Extracted entries ::
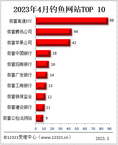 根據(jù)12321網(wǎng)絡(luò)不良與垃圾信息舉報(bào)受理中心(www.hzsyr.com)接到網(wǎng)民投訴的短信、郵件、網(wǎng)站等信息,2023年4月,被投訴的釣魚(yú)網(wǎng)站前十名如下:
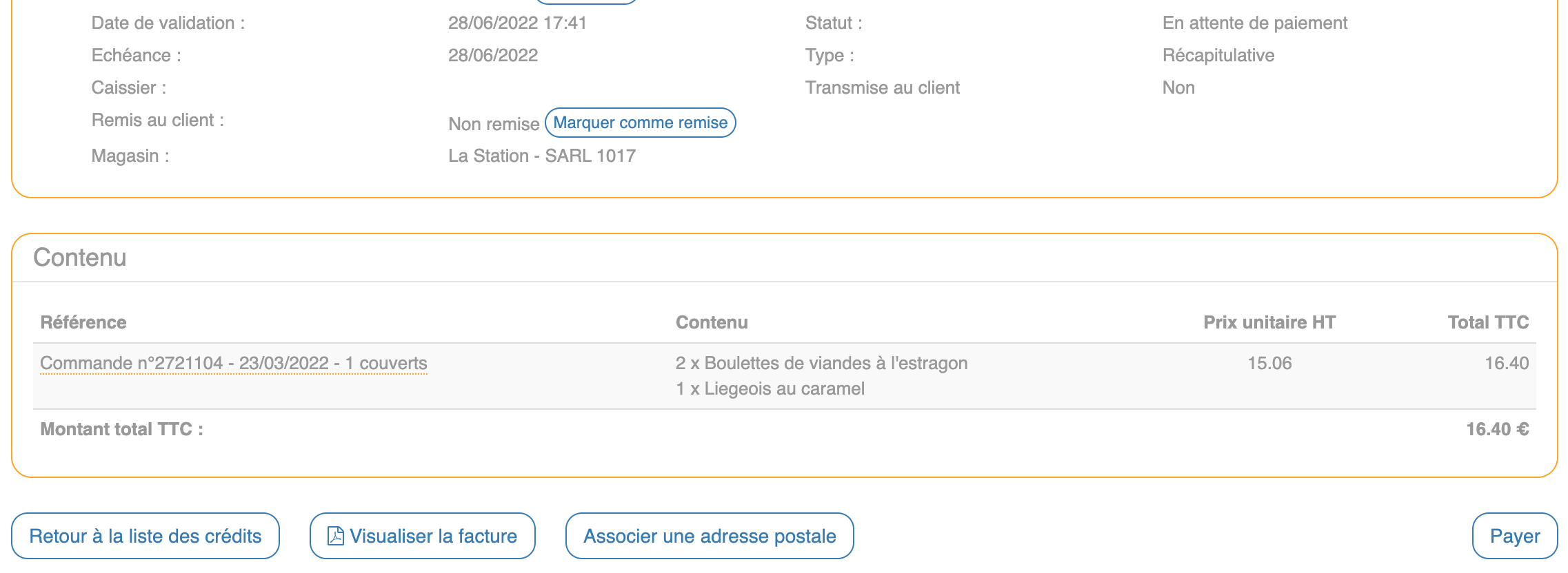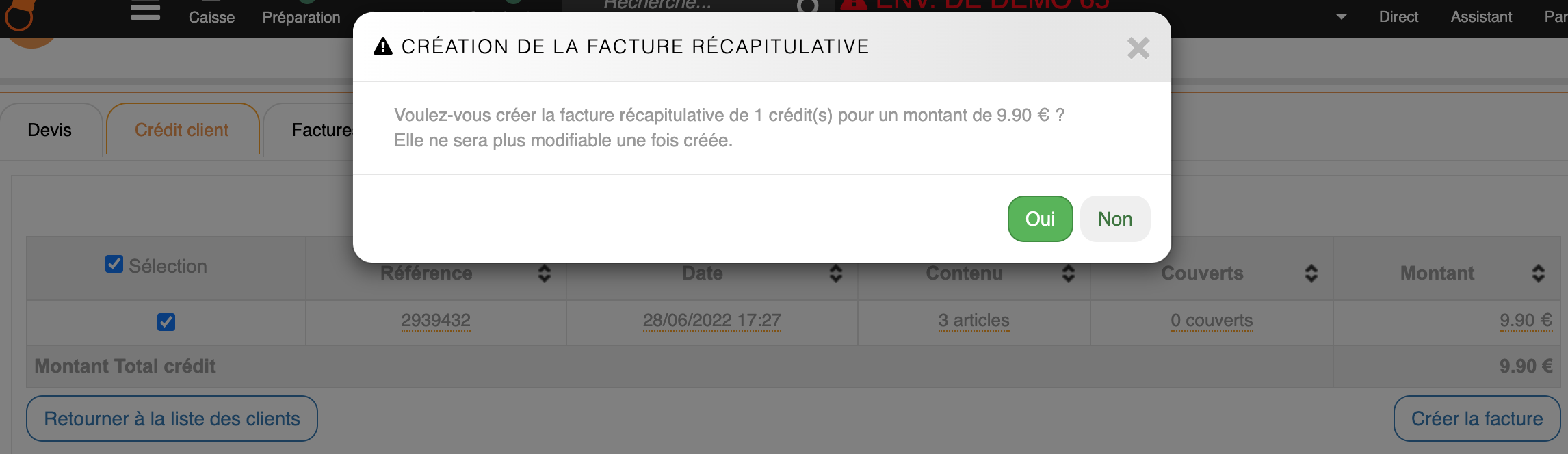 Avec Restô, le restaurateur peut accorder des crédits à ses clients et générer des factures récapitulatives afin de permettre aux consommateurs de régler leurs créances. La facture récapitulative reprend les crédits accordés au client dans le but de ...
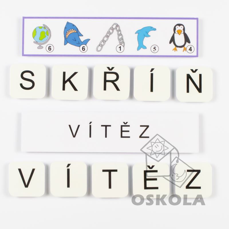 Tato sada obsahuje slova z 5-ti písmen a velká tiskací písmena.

---

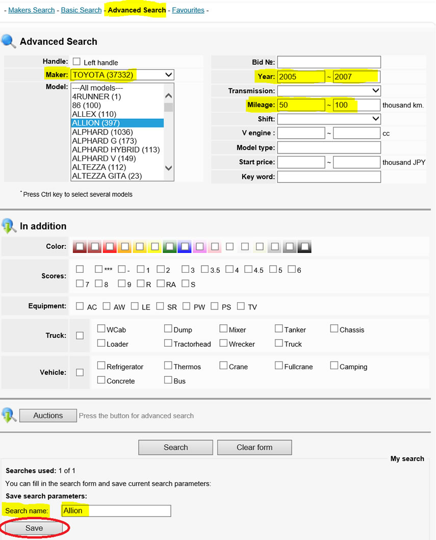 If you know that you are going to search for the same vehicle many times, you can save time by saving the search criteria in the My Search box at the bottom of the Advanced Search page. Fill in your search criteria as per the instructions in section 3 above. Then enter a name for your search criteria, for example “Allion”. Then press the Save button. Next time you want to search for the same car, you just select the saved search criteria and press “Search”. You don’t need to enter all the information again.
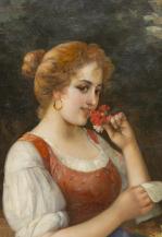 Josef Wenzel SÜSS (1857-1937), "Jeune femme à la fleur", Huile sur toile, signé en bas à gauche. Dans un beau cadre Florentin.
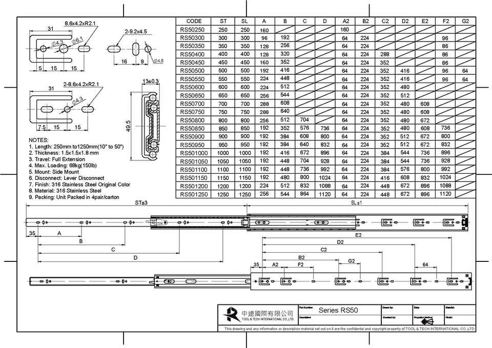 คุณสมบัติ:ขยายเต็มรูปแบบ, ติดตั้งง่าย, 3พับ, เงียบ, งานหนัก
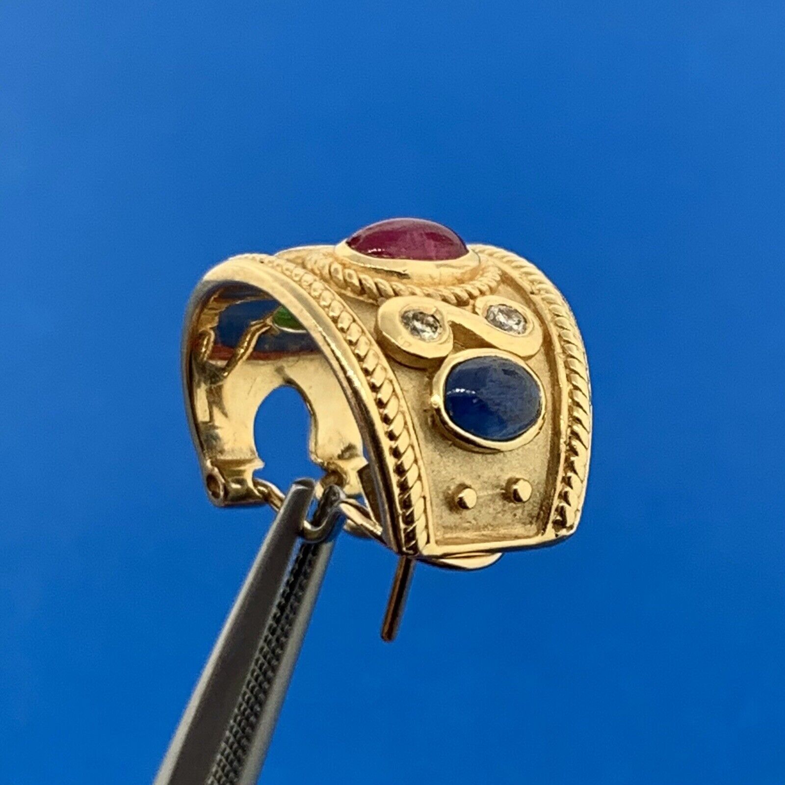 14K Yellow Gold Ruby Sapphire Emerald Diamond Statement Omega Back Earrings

==

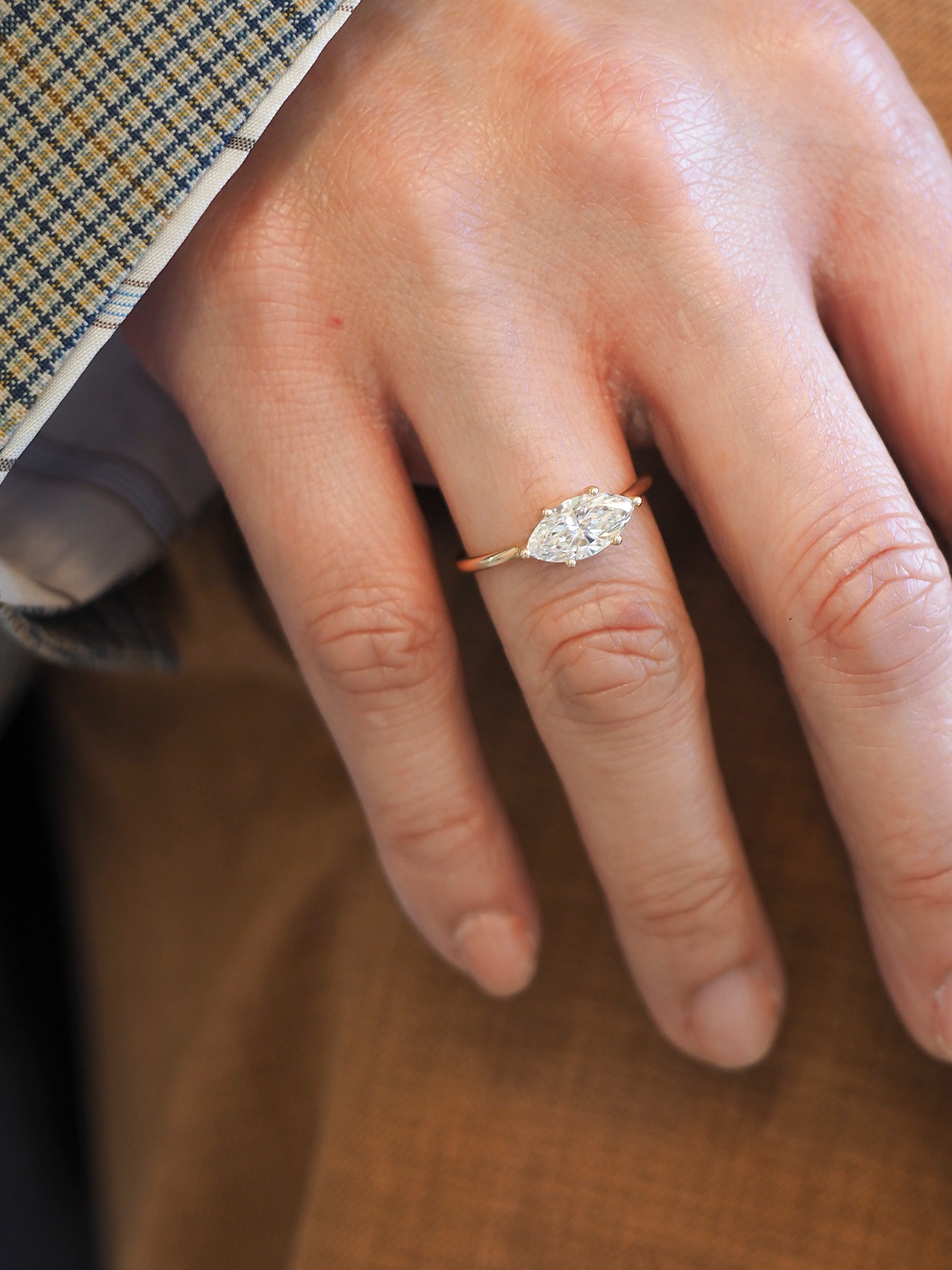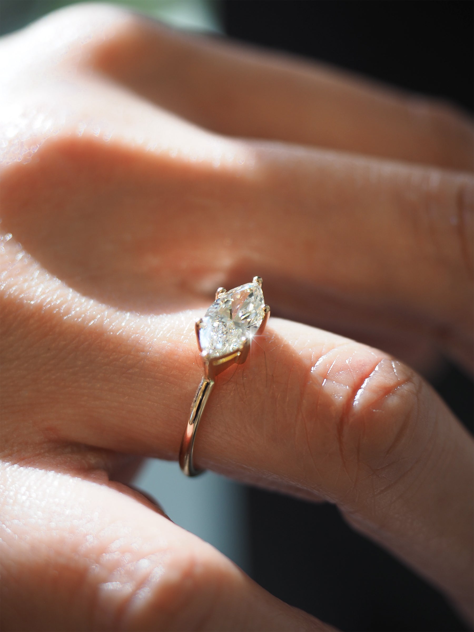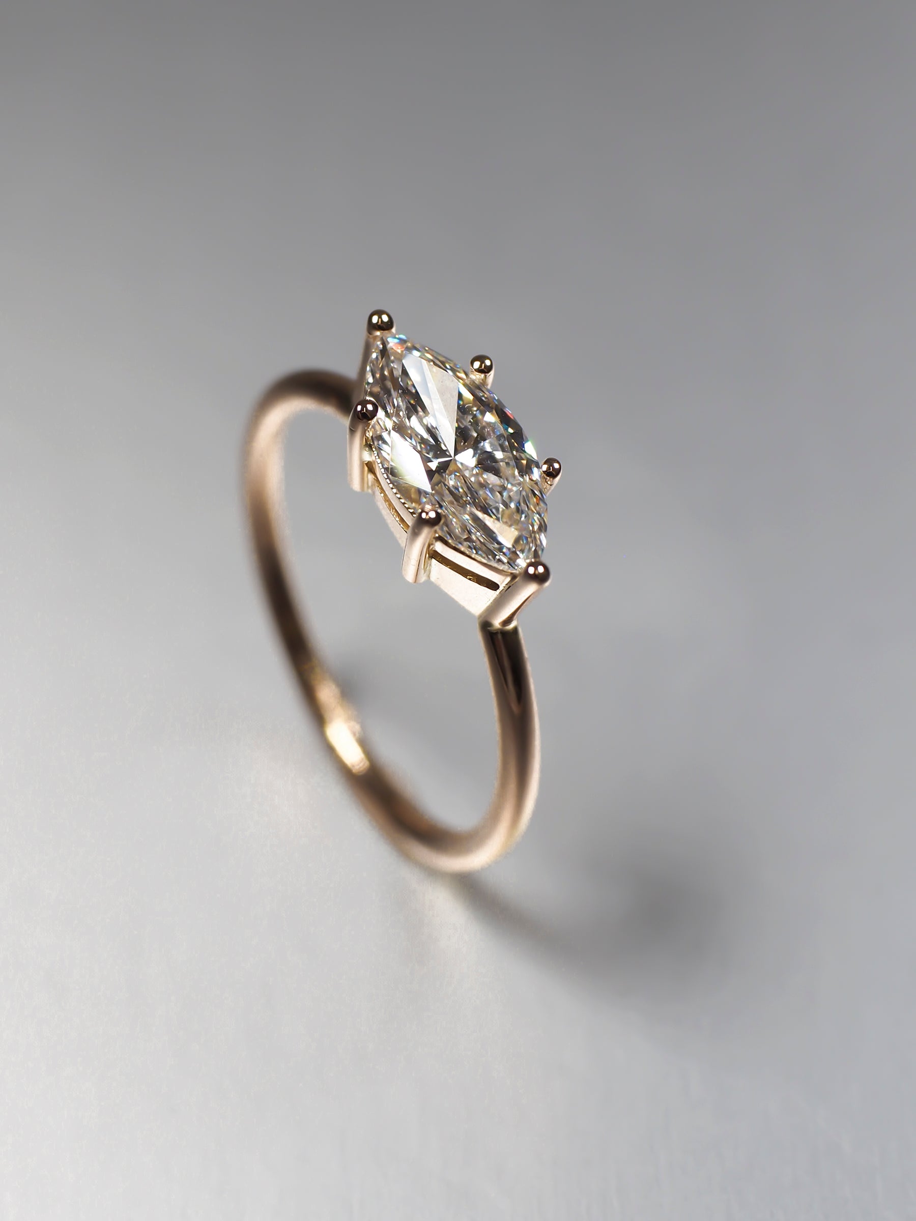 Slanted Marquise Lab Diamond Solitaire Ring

Work instruction :: Give exactly the lines above that run from the line with "根據(jù)12321網(w" to the line with "Tato sada obsahuje", both included, leaving every picture out.

Written answer ::
 根據(jù)12321網(wǎng)絡(luò)不良與垃圾信息舉報(bào)受理中心(www.hzsyr.com)接到網(wǎng)民投訴的短信、郵件、網(wǎng)站等信息,2023年4月,被投訴的釣魚(yú)網(wǎng)站前十名如下:
 Avec Restô, le restaurateur peut accorder des crédits à ses clients et générer des factures récapitulatives afin de permettre aux consommateurs de régler leurs créances. La facture récapitulative reprend les crédits accordés au client dans le but de ...
 Tato sada obsahuje slova z 5-ti písmen a velká tiskací písmena.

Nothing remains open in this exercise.